Muhlenbergia alopecuroides
- Conservation status: Secure (NatureServe)

Scientific classification
- Kingdom: Plantae
- Clade: Tracheophytes
- Clade: Angiosperms
- Clade: Monocots
- Clade: Commelinids
- Order: Poales
- Family: Poaceae
- Subfamily: Chloridoideae
- Genus: Muhlenbergia
- Species: M. alopecuroides
- Binomial name: Muhlenbergia alopecuroides (Griseb.) P.M.Peterson & Columbus
- Synonyms: Lycurus alopecuroides Griseb. ; Lycurus phleoides var. glaucifolius Beal ; Lycurus setosus (Nutt.) C.Reeder ; Pleopogon setosum Nutt. ;

= Muhlenbergia alopecuroides =

- Authority: (Griseb.) P.M.Peterson & Columbus
- Conservation status: G5

Species of grass

Muhlenbergia alopecuroides, synonyms including Lycurus setosus, is a species of grass in the family Poaceae. It is native to the south western United States and northern Mexico, as well as to northern Argentina. It was first described by August Grisebach in 1874 as Lycurus alopecuroides. It is commonly known as the bristly wolfstail.

==Description==
Muhlenbergia alopecuroides is a perennial mountain grass with a tufted habit.

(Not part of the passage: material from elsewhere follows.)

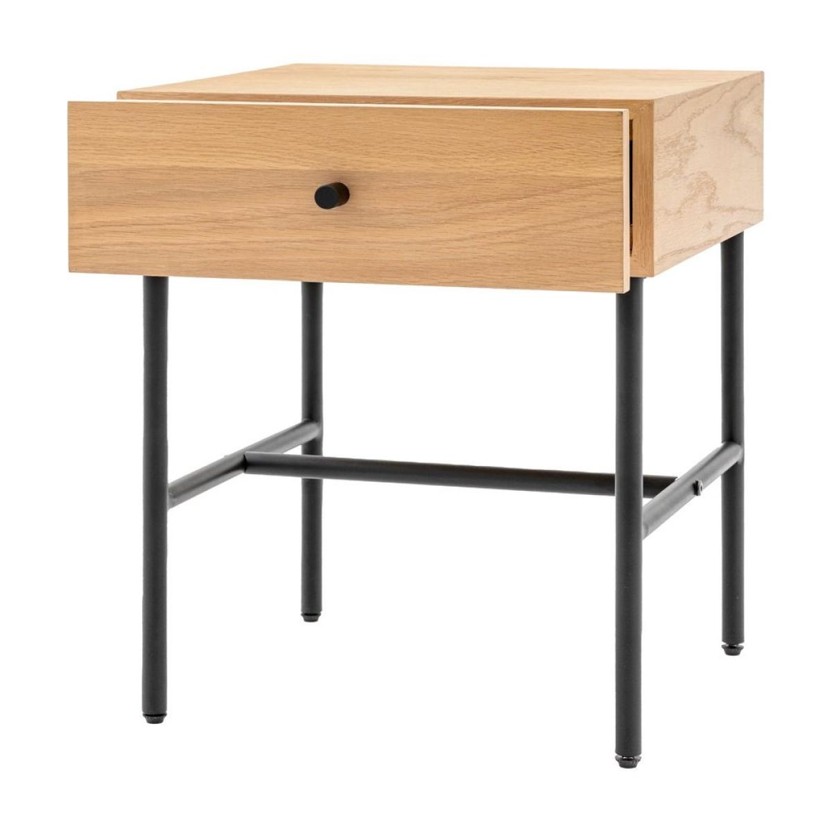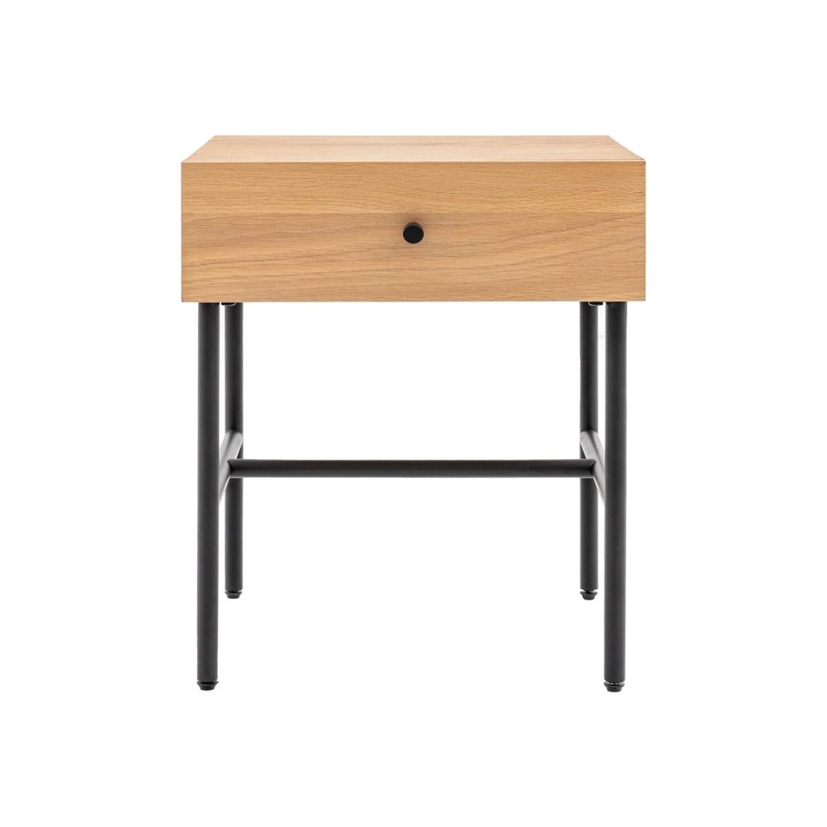 This contemporary bedside, with its practical drawer, is crafted using oak veneers paired with a black metal underframe and drawer handle. The natural wood veneer, with its unique random knots, has been selected to give a modern rustic style. Matching pieces available. Additional Information

The erect stems have several nodes and grow from 30 cm to 50 cm in height and may have a few branches. The leaf blades are glabrous and grow up to 10 cm long but only 2 mm wide. They are rough or bristly and have a white midrib below. The flower panicles are 4 cm to 8 cm long and about 8 mm wide. They are also bristly. It can be distinguished from the rather similar common wolfstail (Muhlenbergia phleoides) by the erect culms, longer ligules and differently shaped tips to the upper leaves.

==Habitat and range==
Muhlenbergia alopecuroides grows at altitudes between 570 m and 3400 m. It is found on arid, free draining land, on mesas and rocky slopes. It occurs in the Southwestern United States and in northern Mexico. A separate population occurs in northern Argentina.